Attributed as a significant reason for the trend of increasing height in parts of Europe are the egalitarian populations where proper medical care and adequate nutrition had been relatively equally distributed as of 2004. The uneven distribution of nutritional resources makes it more plausible for individuals with better access to resources to grow taller, while individuals with worse access to resources have a lessened chance of growing taller.

Changes in diet (nutrition) and a general rise in quality of health care and standard of living are the cited factors in Asian populations. Malnutrition including chronic undernutrition and acute malnutrition is known to have caused stunted growth in various populations. This has been seen in North Korea, parts of Africa, certain historical Europe, and other populations. Developing countries such as Guatemala have rates of stunting in children under 5 living as high as 82.2% in Totonicapán, and 49.8% nationwide.

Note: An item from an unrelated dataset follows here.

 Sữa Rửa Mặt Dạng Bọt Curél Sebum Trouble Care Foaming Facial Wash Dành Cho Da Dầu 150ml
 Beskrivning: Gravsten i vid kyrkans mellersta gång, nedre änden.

Average height in a nation is correlated with protein quality. Nations that consume more protein in the form of meat, dairy, eggs, and fish tend to be taller, while those that obtain more protein from cereals tend to be shorter. Therefore, populations with high cattle per capita and high consumption of dairy live longer and are taller. Historically, this can be seen in the cases of the United States, Argentina, New Zealand and Australia in the beginning of the 19th century. Moreover, when the production and consumption of milk and beef is taken to consideration, it can be seen why the Germanic people who lived outside of the Roman Empire were taller than those who lived at its heart.

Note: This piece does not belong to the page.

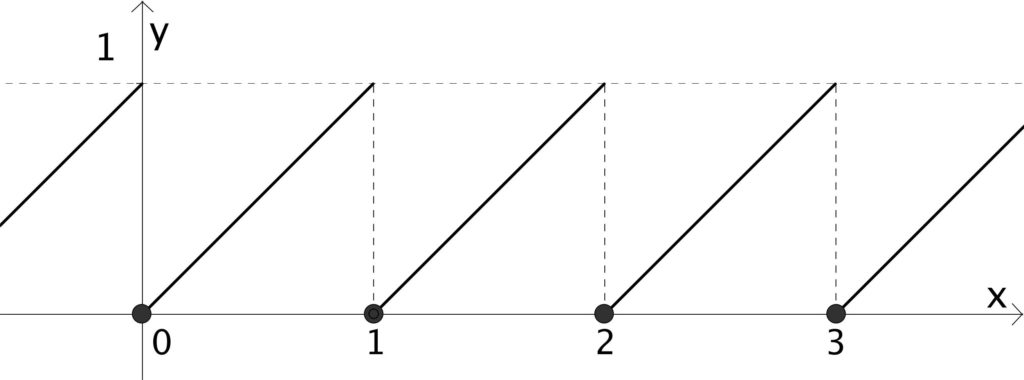 On a représenté ci-dessous la fonction {f:x\mapsto x-\lfloor{x}\rfloor}.
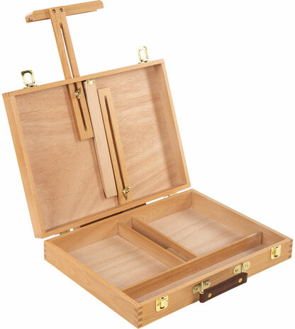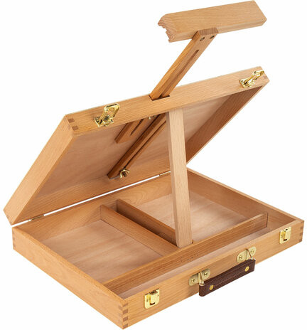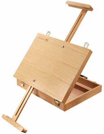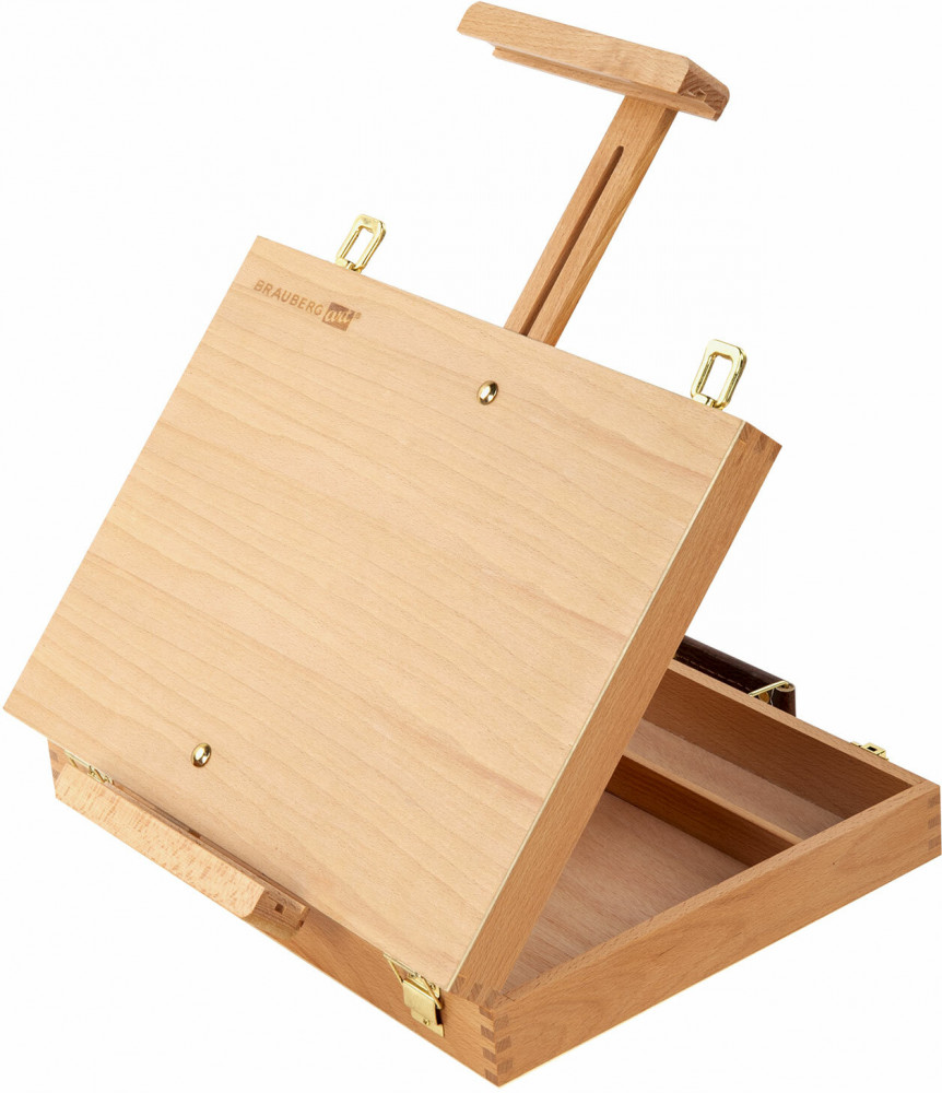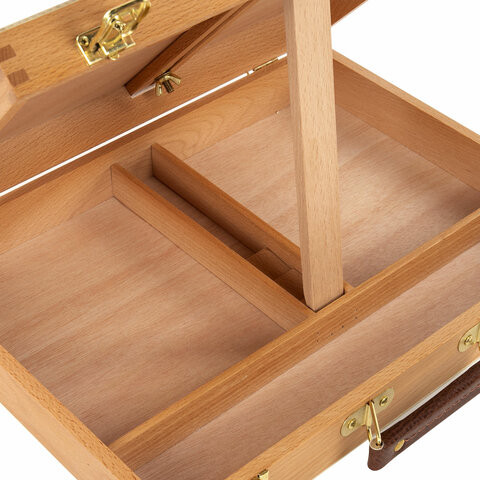 Настольный этюдник-мольберт снабжен специальным ящиком для художественных принадлежностей. Угол наклона и высота мачты регулируется. Оснащен удобной ручкой. Этюдник-мольберт изготовлен из натурального бука, пропитанного маслом.

== Role for an individual ==

Male Stature vs Age (US CDC)

Female Stature vs Age (US CDC)

=== Connection to health ===
Studies show that there is a correlation between small stature and a longer life expectancy. Individuals of small stature are also more likely to have lower blood pressure and are less likely to acquire cancer. The University of Hawaii has found that the "longevity gene" FOXO3 that reduces the effects of aging is more commonly found in individuals of a small body size. Short stature decreases the risk of venous insufficiency. Certain studies have shown that height is a factor in overall health while some suggest tallness is associated with better cardiovascular health and shortness with longevity. Cancer risk has also been found to grow with height. Moreover, scientists have also observed a protective effect of height on risk for Alzheimer's disease, although this fact could be a result of the genetic overlap between height and intracranial volume and there are also genetic variants influencing height that could affect biological mechanisms involved in Alzheimer's disease etiology, such as insulin-like growth factor 1 (IGF-1).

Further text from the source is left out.